** Provided material **
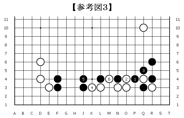 【参考図3】 参考図2の黒3を本図の黒1とするなら、白6までのワカレになるだろうか? このワカレは互角かもしれない。
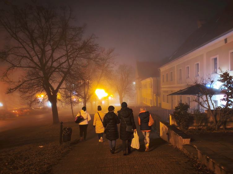 Ráno mlží :o). Obedujem. A po práci fičím k zámku na punč. Jurko mal chuť na horúcu čokoládu. A vymákla som u pódia Zdenku :o). Rozlúčila som sa s našimi a išla som za sokolkami. Také výborné jelítko som mala. Mňam. Zase za tmy domov :o)
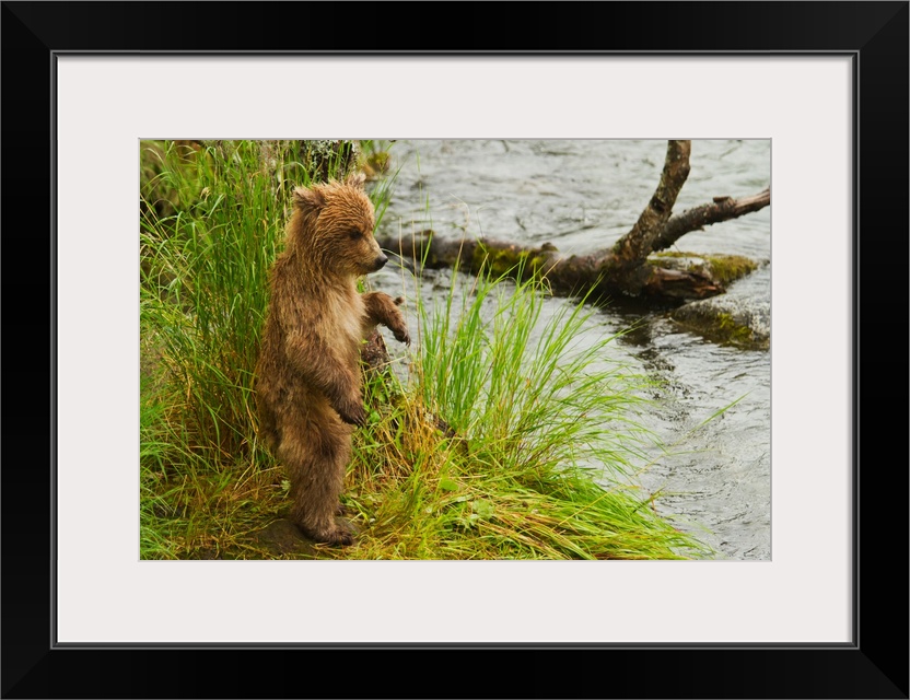 <p>Brown bear (Ursus arctos) cub standing in grass at edge of Brooks River in rain, while mother is fishing for salmon, Katmai National Park, Alaska.</p>

** What you are asked to do **
Set down word for word each line from the one containing "Ráno mlží :o)." through the end of the material, and keep the pictures out of it.

** Your solution **
 Ráno mlží :o). Obedujem. A po práci fičím k zámku na punč. Jurko mal chuť na horúcu čokoládu. A vymákla som u pódia Zdenku :o). Rozlúčila som sa s našimi a išla som za sokolkami. Také výborné jelítko som mala. Mňam. Zase za tmy domov :o)
 <p>Brown bear (Ursus arctos) cub standing in grass at edge of Brooks River in rain, while mother is fishing for salmon, Katmai National Park, Alaska.</p>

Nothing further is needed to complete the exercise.